■ ABOUT THIS EXERCISE ■
Skip the pictures and repeat each line of the data exactly.

■ INFORMATION PROVIDED ■

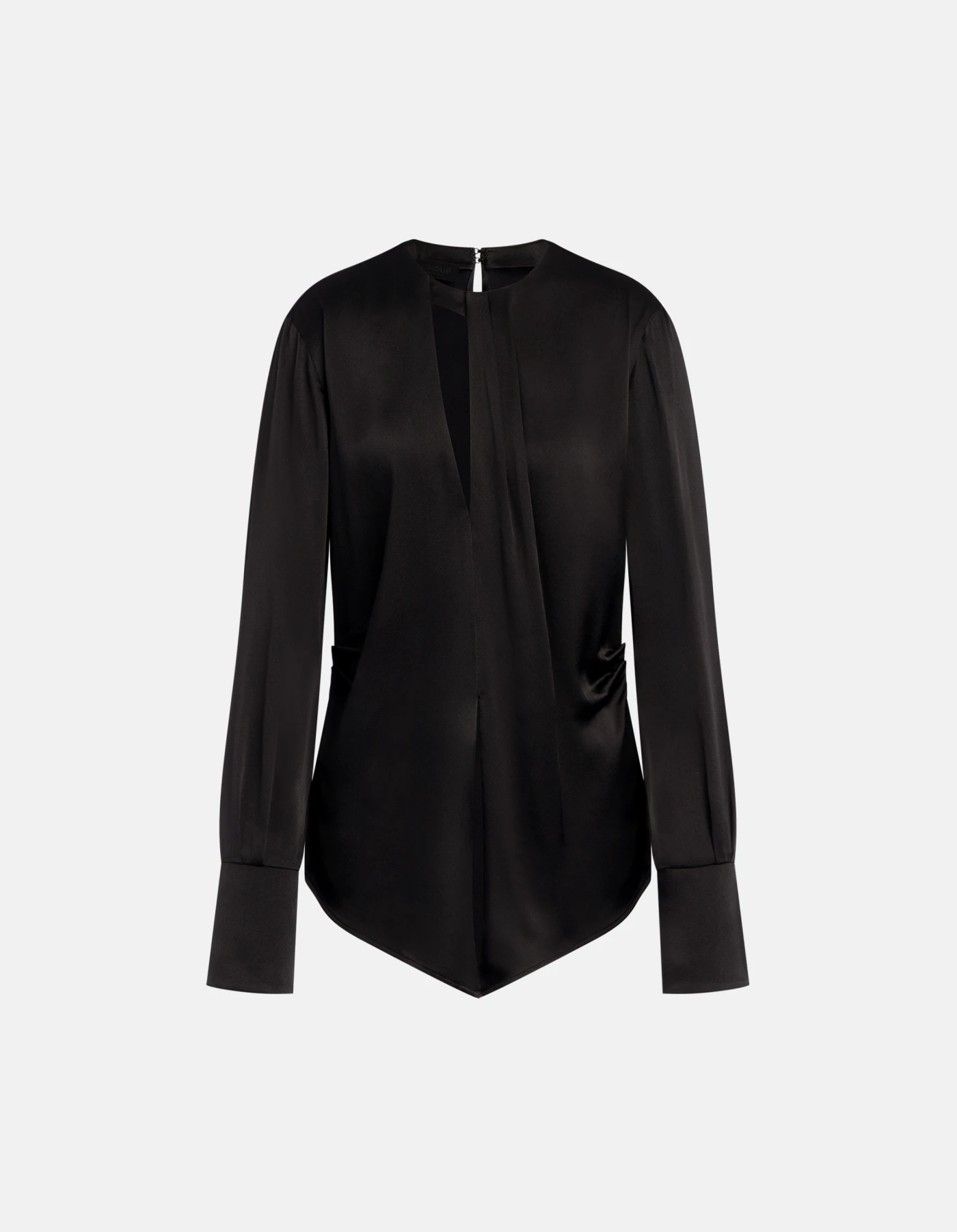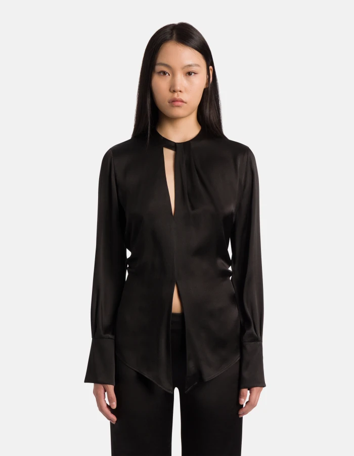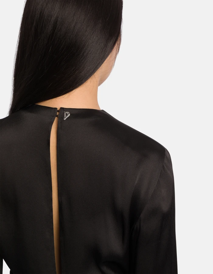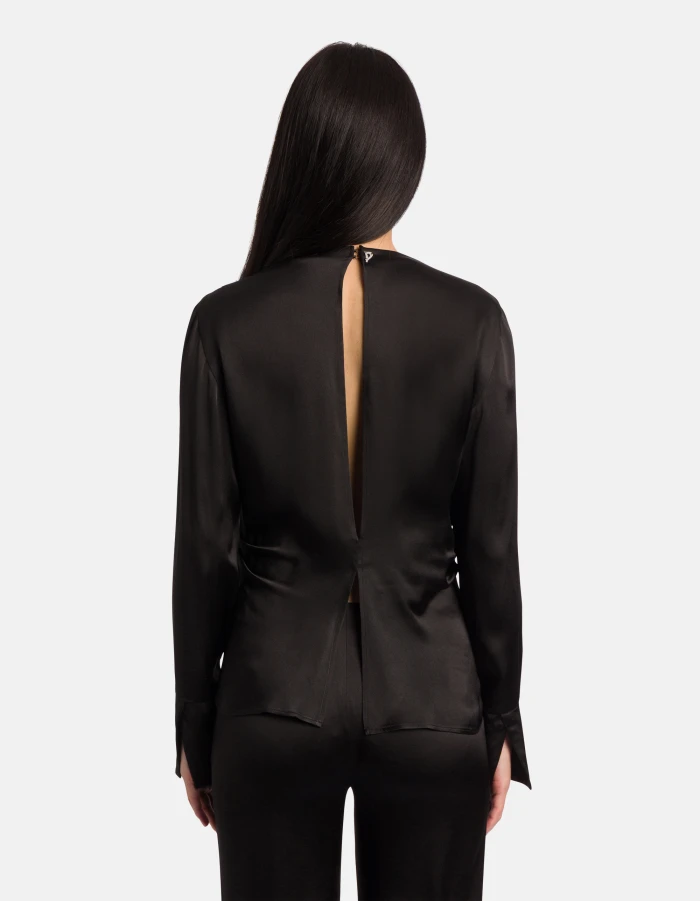 Camicia regular a maniche lunghe con dettaglio su scollo davanti ed apertura sulla schiena fino alla vita. Raso misto seta. Logo Dondup. Made in Italy
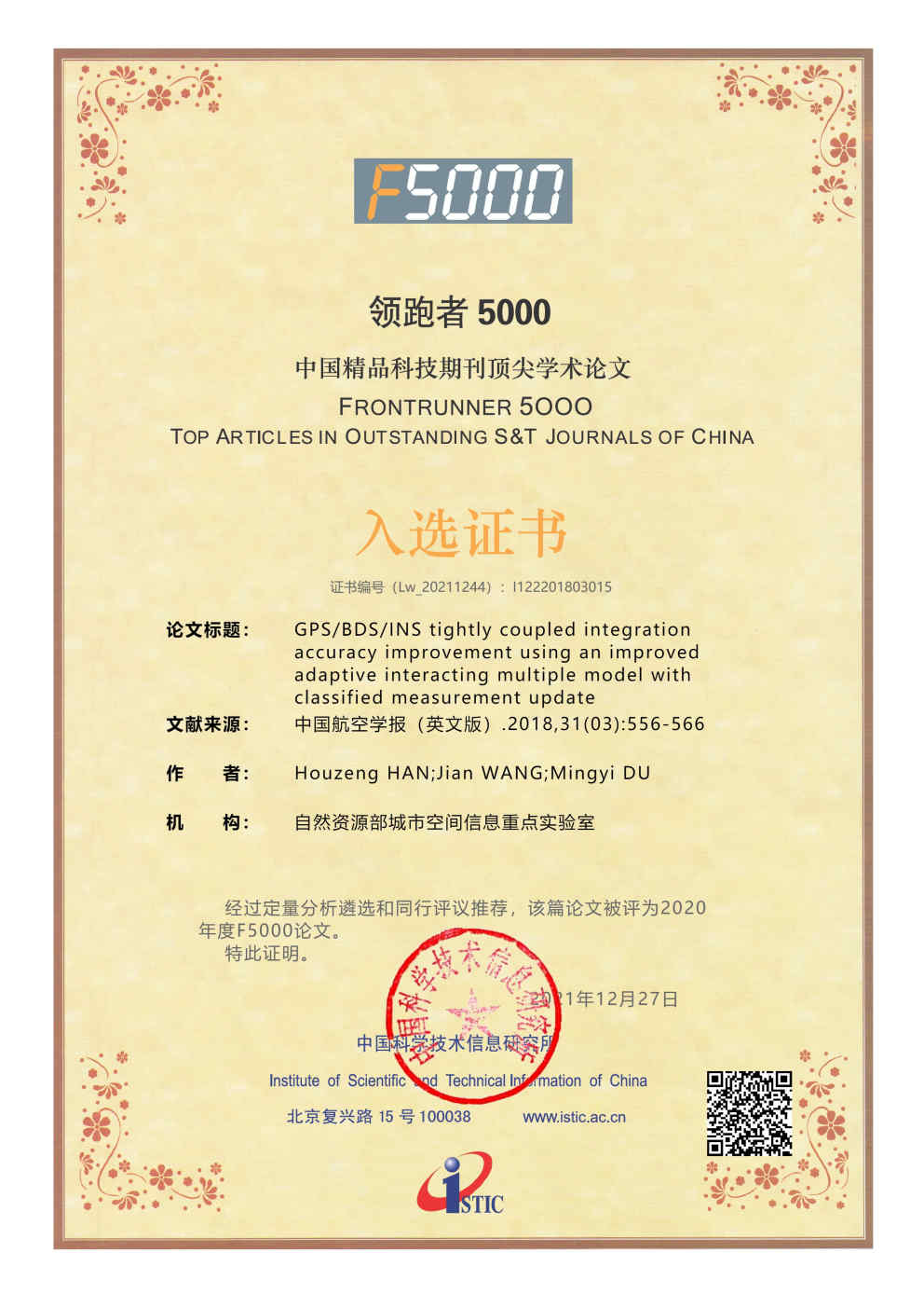 2021年12月27日,中国科学技术信息研究所在北京召开2021年度中国科技论文统计结果发布会,会上公布了 “领跑者5000—中国精品科技期刊顶尖学术论文”的入选名单,并为入选者颁发了获奖证书。由我院韩厚增、王坚和杜明义共同在《中国航空学报(英文版)》上发表的学术论文《GPS/BDS/INS tightly coupled integration accuracy improvement using an improved adaptive interacting multiple model with classified measurement update》成功入选,也是我院成果首次入选“领跑者5000—中国精品科技期刊顶尖学术论文”,代表着测绘地理信息领域高水平、原创性技术成果。
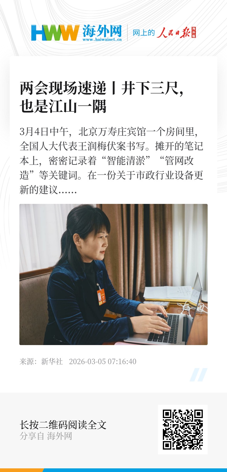 3月4日中午,北京万寿庄宾馆一个房间里,全国人大代表王润梅伏案书写。摊开的笔记本上,密密记录着“智能清淤”“管网改造”等关键词。

■ ANSWER SPACE ■
 Camicia regular a maniche lunghe con dettaglio su scollo davanti ed apertura sulla schiena fino alla vita. Raso misto seta. Logo Dondup. Made in Italy
 2021年12月27日,中国科学技术信息研究所在北京召开2021年度中国科技论文统计结果发布会,会上公布了 “领跑者5000—中国精品科技期刊顶尖学术论文”的入选名单,并为入选者颁发了获奖证书。由我院韩厚增、王坚和杜明义共同在《中国航空学报(英文版)》上发表的学术论文《GPS/BDS/INS tightly coupled integration accuracy improvement using an improved adaptive interacting multiple model with classified measurement update》成功入选,也是我院成果首次入选“领跑者5000—中国精品科技期刊顶尖学术论文”,代表着测绘地理信息领域高水平、原创性技术成果。
 3月4日中午,北京万寿庄宾馆一个房间里,全国人大代表王润梅伏案书写。摊开的笔记本上,密密记录着“智能清淤”“管网改造”等关键词。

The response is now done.